(Records from a data collection)
┄┄┄┄┄┄┄┄┄┄

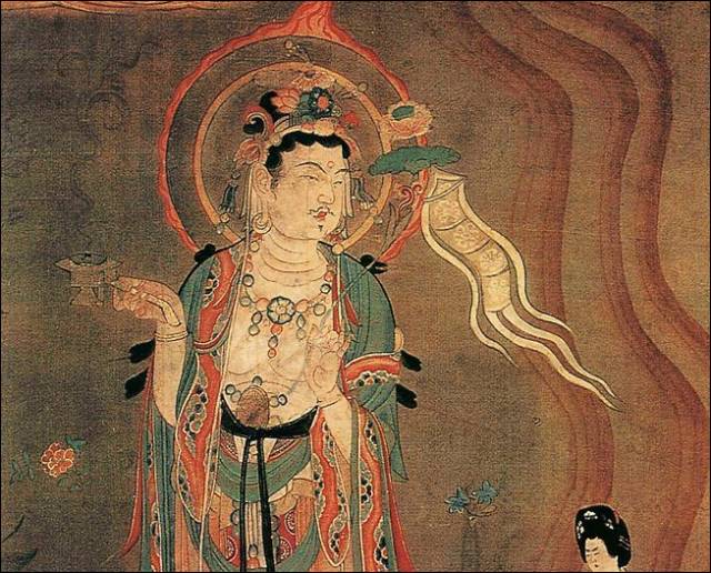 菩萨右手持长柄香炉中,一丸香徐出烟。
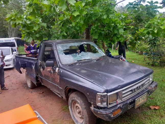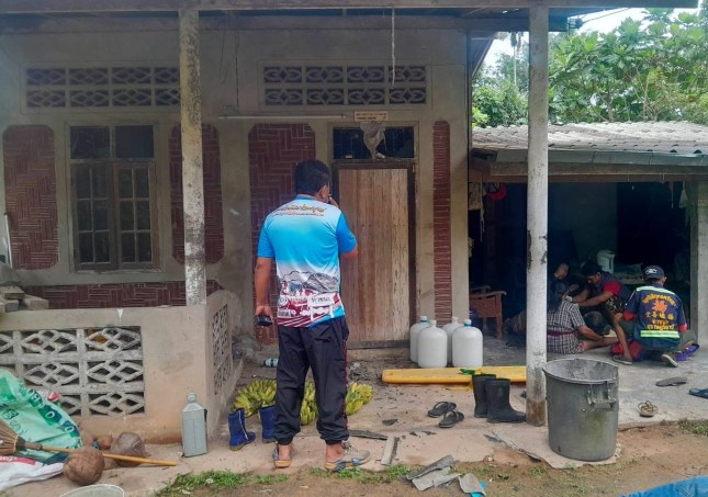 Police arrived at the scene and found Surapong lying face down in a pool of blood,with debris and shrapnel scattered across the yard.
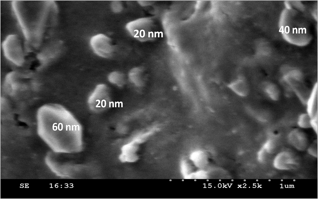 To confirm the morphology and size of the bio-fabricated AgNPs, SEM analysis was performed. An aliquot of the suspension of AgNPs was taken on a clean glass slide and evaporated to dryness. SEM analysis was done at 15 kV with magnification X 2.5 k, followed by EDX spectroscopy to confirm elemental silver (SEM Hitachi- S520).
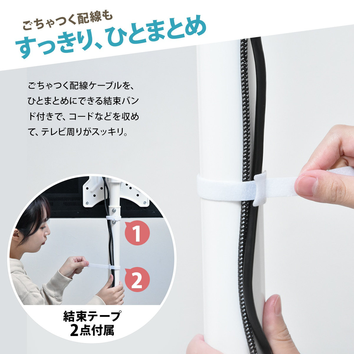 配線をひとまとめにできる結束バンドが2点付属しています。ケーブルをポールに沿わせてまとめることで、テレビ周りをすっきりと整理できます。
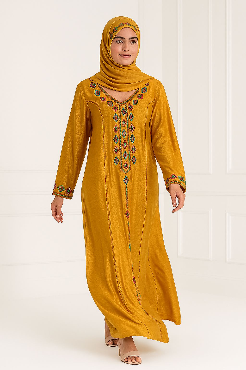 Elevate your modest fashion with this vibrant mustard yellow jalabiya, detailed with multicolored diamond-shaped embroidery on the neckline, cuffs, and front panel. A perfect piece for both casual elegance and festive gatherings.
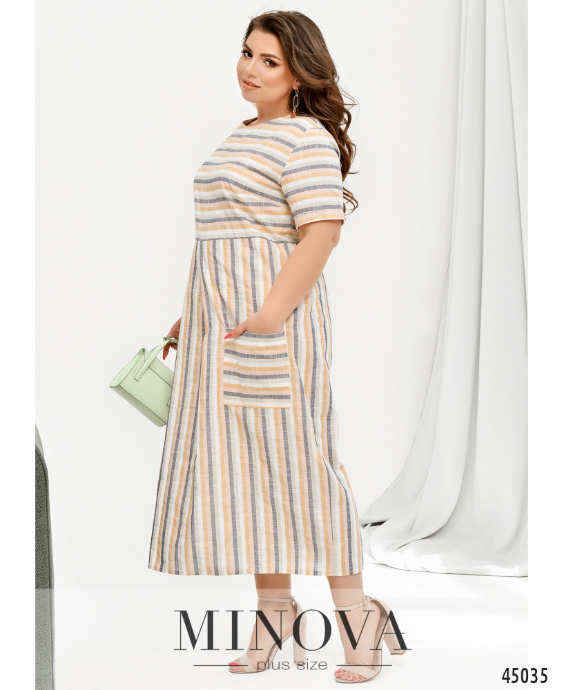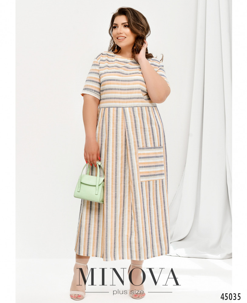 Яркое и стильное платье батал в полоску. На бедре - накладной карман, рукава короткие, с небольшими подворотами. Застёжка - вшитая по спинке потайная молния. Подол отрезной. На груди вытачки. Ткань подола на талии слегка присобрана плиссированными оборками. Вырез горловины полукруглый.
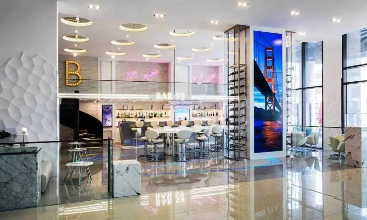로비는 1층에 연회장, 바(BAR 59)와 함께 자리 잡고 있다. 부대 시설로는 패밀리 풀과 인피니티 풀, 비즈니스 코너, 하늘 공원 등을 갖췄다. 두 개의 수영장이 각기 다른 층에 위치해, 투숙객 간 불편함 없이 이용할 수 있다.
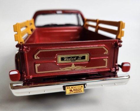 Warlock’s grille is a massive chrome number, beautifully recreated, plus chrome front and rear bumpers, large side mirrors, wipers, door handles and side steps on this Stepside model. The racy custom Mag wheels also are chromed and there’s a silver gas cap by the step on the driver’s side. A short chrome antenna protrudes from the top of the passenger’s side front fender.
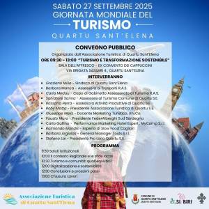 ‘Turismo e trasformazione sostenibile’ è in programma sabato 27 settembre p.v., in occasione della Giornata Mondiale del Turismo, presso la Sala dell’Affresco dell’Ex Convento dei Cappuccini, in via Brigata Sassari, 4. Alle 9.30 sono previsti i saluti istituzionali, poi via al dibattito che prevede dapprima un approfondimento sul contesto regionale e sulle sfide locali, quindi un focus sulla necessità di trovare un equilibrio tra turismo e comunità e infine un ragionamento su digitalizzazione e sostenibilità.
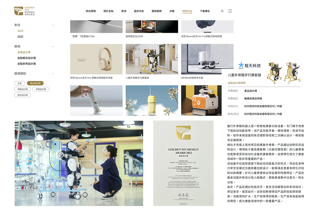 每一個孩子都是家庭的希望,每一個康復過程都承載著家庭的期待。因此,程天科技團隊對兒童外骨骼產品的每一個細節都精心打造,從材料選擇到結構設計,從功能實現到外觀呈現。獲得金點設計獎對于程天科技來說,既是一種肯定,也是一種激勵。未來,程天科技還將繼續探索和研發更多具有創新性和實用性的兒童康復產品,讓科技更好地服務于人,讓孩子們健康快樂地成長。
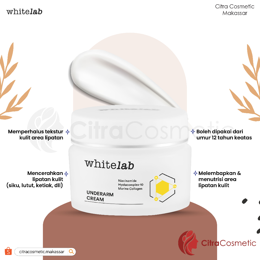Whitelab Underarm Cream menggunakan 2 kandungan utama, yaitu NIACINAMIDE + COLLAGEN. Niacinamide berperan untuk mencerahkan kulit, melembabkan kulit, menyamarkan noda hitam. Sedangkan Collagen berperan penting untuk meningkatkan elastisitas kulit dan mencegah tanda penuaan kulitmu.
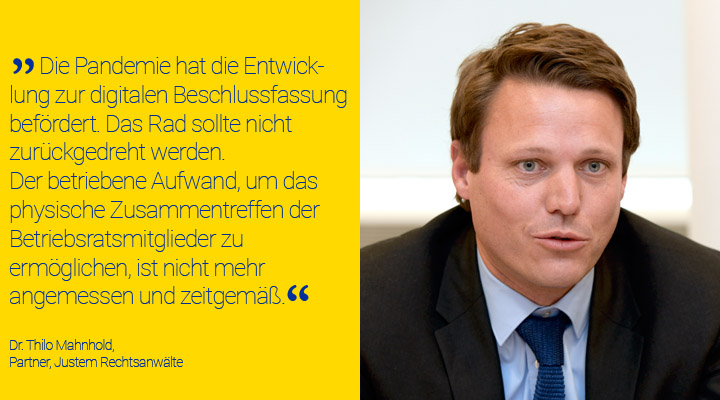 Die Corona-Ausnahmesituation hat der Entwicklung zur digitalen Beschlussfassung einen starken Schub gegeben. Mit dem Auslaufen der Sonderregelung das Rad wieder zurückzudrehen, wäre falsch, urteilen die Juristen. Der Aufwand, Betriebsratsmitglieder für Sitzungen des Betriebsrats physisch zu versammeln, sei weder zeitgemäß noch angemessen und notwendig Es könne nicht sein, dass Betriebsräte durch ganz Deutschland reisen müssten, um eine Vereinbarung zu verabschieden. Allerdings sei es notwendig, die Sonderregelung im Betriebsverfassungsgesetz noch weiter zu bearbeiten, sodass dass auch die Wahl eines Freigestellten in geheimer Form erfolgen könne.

┄┄┄┄┄┄┄┄┄┄

Problem to solve ▸ Would you please repeat each record exactly? Leave the pictures out.

Solution for this exercise ▸
 菩萨右手持长柄香炉中,一丸香徐出烟。
 Police arrived at the scene and found Surapong lying face down in a pool of blood,with debris and shrapnel scattered across the yard.
 To confirm the morphology and size of the bio-fabricated AgNPs, SEM analysis was performed. An aliquot of the suspension of AgNPs was taken on a clean glass slide and evaporated to dryness. SEM analysis was done at 15 kV with magnification X 2.5 k, followed by EDX spectroscopy to confirm elemental silver (SEM Hitachi- S520).
 配線をひとまとめにできる結束バンドが2点付属しています。ケーブルをポールに沿わせてまとめることで、テレビ周りをすっきりと整理できます。
 Elevate your modest fashion with this vibrant mustard yellow jalabiya, detailed with multicolored diamond-shaped embroidery on the neckline, cuffs, and front panel. A perfect piece for both casual elegance and festive gatherings.
 Яркое и стильное платье батал в полоску. На бедре - накладной карман, рукава короткие, с небольшими подворотами. Застёжка - вшитая по спинке потайная молния. Подол отрезной. На груди вытачки. Ткань подола на талии слегка присобрана плиссированными оборками. Вырез горловины полукруглый.
로비는 1층에 연회장, 바(BAR 59)와 함께 자리 잡고 있다. 부대 시설로는 패밀리 풀과 인피니티 풀, 비즈니스 코너, 하늘 공원 등을 갖췄다. 두 개의 수영장이 각기 다른 층에 위치해, 투숙객 간 불편함 없이 이용할 수 있다.
 Warlock’s grille is a massive chrome number, beautifully recreated, plus chrome front and rear bumpers, large side mirrors, wipers, door handles and side steps on this Stepside model. The racy custom Mag wheels also are chromed and there’s a silver gas cap by the step on the driver’s side. A short chrome antenna protrudes from the top of the passenger’s side front fender.
 ‘Turismo e trasformazione sostenibile’ è in programma sabato 27 settembre p.v., in occasione della Giornata Mondiale del Turismo, presso la Sala dell’Affresco dell’Ex Convento dei Cappuccini, in via Brigata Sassari, 4. Alle 9.30 sono previsti i saluti istituzionali, poi via al dibattito che prevede dapprima un approfondimento sul contesto regionale e sulle sfide locali, quindi un focus sulla necessità di trovare un equilibrio tra turismo e comunità e infine un ragionamento su digitalizzazione e sostenibilità.
 每一個孩子都是家庭的希望,每一個康復過程都承載著家庭的期待。因此,程天科技團隊對兒童外骨骼產品的每一個細節都精心打造,從材料選擇到結構設計,從功能實現到外觀呈現。獲得金點設計獎對于程天科技來說,既是一種肯定,也是一種激勵。未來,程天科技還將繼續探索和研發更多具有創新性和實用性的兒童康復產品,讓科技更好地服務于人,讓孩子們健康快樂地成長。
Whitelab Underarm Cream menggunakan 2 kandungan utama, yaitu NIACINAMIDE + COLLAGEN. Niacinamide berperan untuk mencerahkan kulit, melembabkan kulit, menyamarkan noda hitam. Sedangkan Collagen berperan penting untuk meningkatkan elastisitas kulit dan mencegah tanda penuaan kulitmu.
 Die Corona-Ausnahmesituation hat der Entwicklung zur digitalen Beschlussfassung einen starken Schub gegeben. Mit dem Auslaufen der Sonderregelung das Rad wieder zurückzudrehen, wäre falsch, urteilen die Juristen. Der Aufwand, Betriebsratsmitglieder für Sitzungen des Betriebsrats physisch zu versammeln, sei weder zeitgemäß noch angemessen und notwendig Es könne nicht sein, dass Betriebsräte durch ganz Deutschland reisen müssten, um eine Vereinbarung zu verabschieden. Allerdings sei es notwendig, die Sonderregelung im Betriebsverfassungsgesetz noch weiter zu bearbeiten, sodass dass auch die Wahl eines Freigestellten in geheimer Form erfolgen könne.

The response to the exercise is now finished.